__Problem to work on__
Transcribe exactly the lines from the one containing "62' (0:1) Хансен" through the end of the data, both included. Leave out pictures.

═════ Data ═════

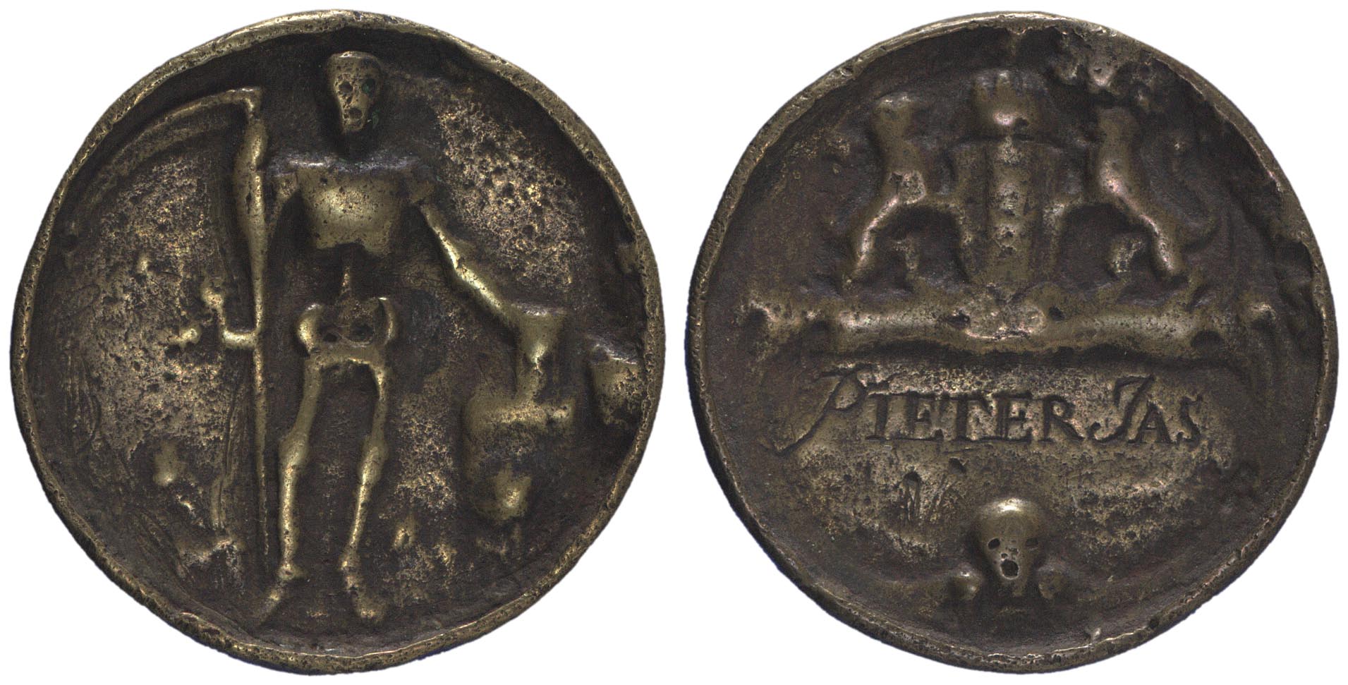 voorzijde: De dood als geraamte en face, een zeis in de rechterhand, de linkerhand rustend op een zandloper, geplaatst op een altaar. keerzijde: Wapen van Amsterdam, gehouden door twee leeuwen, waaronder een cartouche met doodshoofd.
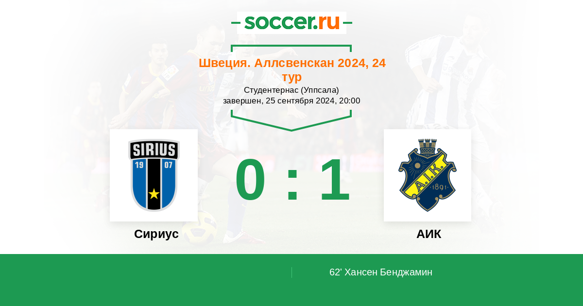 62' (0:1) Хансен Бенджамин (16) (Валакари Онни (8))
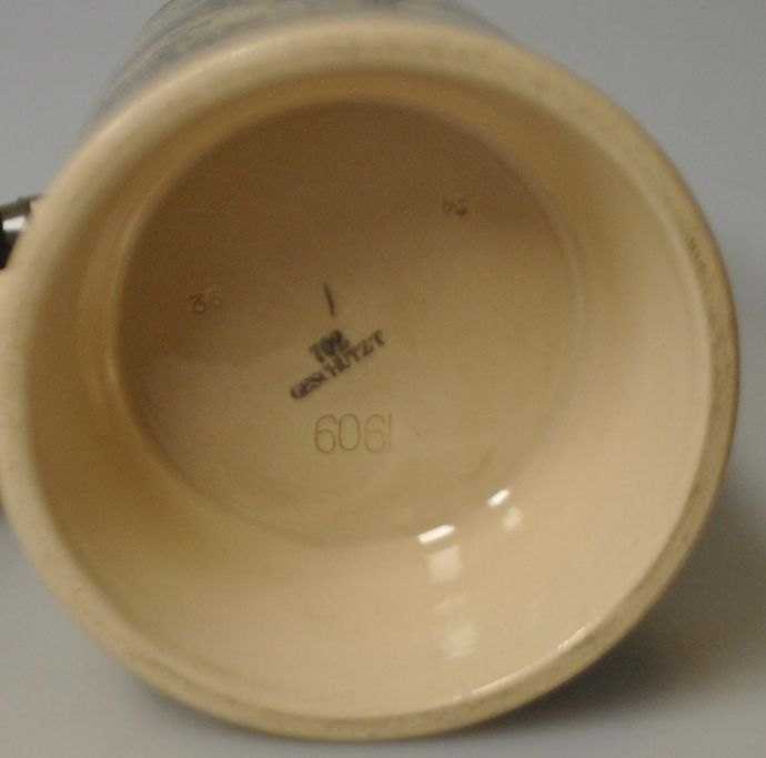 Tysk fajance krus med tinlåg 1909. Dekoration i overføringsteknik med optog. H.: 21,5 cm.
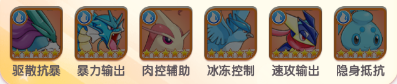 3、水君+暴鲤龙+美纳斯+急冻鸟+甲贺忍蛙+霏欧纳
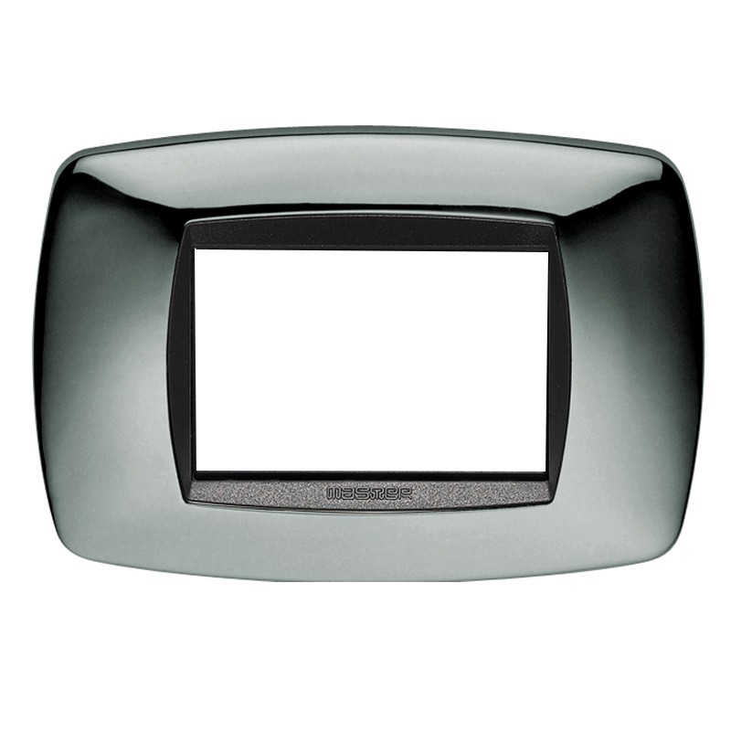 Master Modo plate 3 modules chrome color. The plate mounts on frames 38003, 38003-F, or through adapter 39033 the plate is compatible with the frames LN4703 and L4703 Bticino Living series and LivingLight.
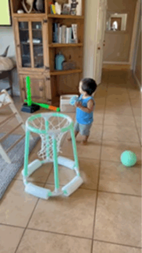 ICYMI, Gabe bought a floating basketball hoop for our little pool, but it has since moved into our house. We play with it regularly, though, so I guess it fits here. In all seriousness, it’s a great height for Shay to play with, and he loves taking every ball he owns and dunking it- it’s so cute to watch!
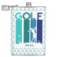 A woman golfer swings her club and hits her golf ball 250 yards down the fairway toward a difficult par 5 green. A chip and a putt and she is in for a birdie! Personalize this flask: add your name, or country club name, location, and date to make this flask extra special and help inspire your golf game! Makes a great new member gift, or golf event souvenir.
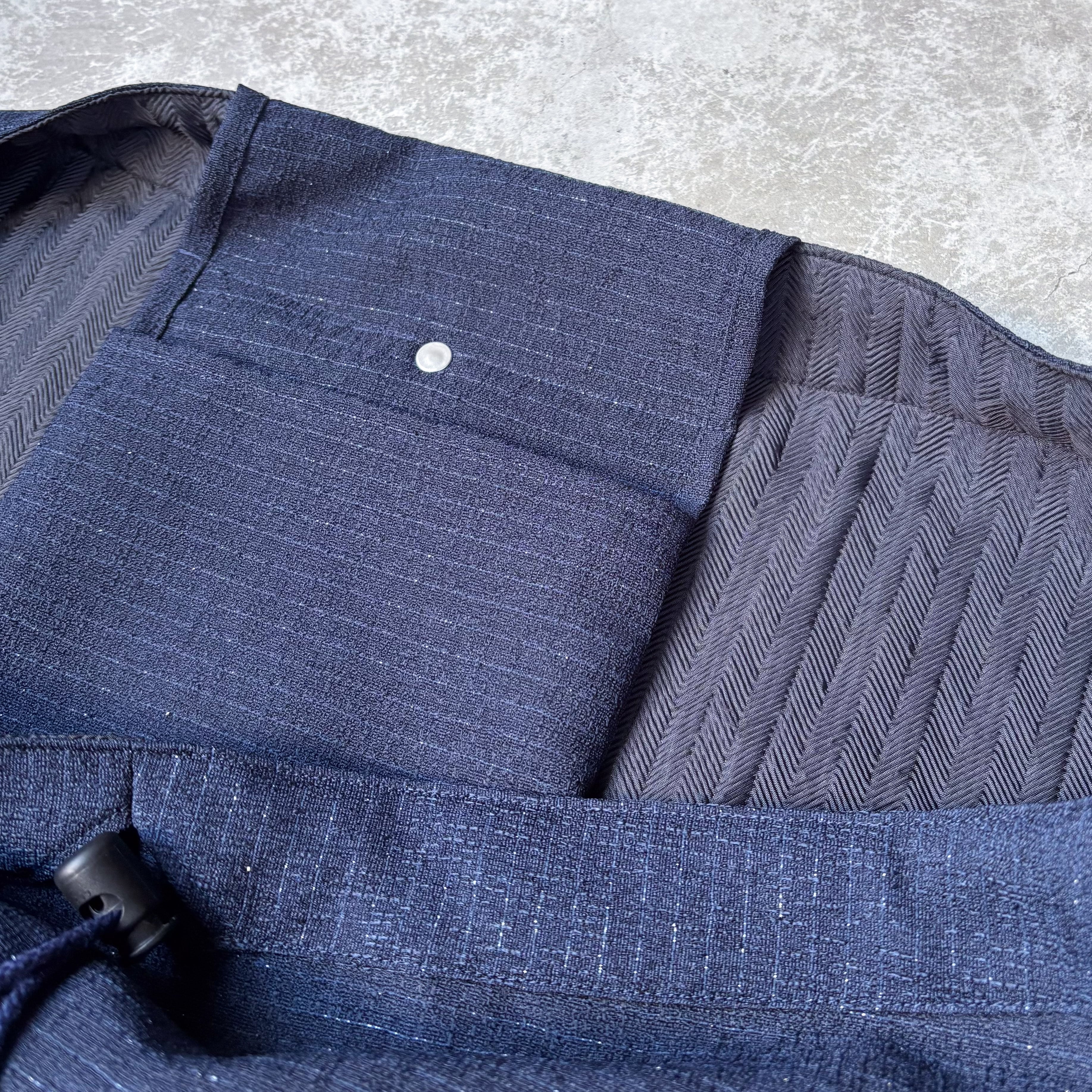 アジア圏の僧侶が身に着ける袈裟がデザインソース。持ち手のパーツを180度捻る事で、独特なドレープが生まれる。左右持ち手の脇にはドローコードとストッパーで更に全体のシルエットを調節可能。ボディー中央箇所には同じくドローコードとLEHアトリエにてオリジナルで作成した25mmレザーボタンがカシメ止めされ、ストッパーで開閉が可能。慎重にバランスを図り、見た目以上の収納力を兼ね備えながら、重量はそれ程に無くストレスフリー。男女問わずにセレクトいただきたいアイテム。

═════

__Response to this exercise__
 62' (0:1) Хансен Бенджамин (16) (Валакари Онни (8))
 Tysk fajance krus med tinlåg 1909. Dekoration i overføringsteknik med optog. H.: 21,5 cm.
 3、水君+暴鲤龙+美纳斯+急冻鸟+甲贺忍蛙+霏欧纳
 Master Modo plate 3 modules chrome color. The plate mounts on frames 38003, 38003-F, or through adapter 39033 the plate is compatible with the frames LN4703 and L4703 Bticino Living series and LivingLight.
 ICYMI, Gabe bought a floating basketball hoop for our little pool, but it has since moved into our house. We play with it regularly, though, so I guess it fits here. In all seriousness, it’s a great height for Shay to play with, and he loves taking every ball he owns and dunking it- it’s so cute to watch!
 A woman golfer swings her club and hits her golf ball 250 yards down the fairway toward a difficult par 5 green. A chip and a putt and she is in for a birdie! Personalize this flask: add your name, or country club name, location, and date to make this flask extra special and help inspire your golf game! Makes a great new member gift, or golf event souvenir.
 アジア圏の僧侶が身に着ける袈裟がデザインソース。持ち手のパーツを180度捻る事で、独特なドレープが生まれる。左右持ち手の脇にはドローコードとストッパーで更に全体のシルエットを調節可能。ボディー中央箇所には同じくドローコードとLEHアトリエにてオリジナルで作成した25mmレザーボタンがカシメ止めされ、ストッパーで開閉が可能。慎重にバランスを図り、見た目以上の収納力を兼ね備えながら、重量はそれ程に無くストレスフリー。男女問わずにセレクトいただきたいアイテム。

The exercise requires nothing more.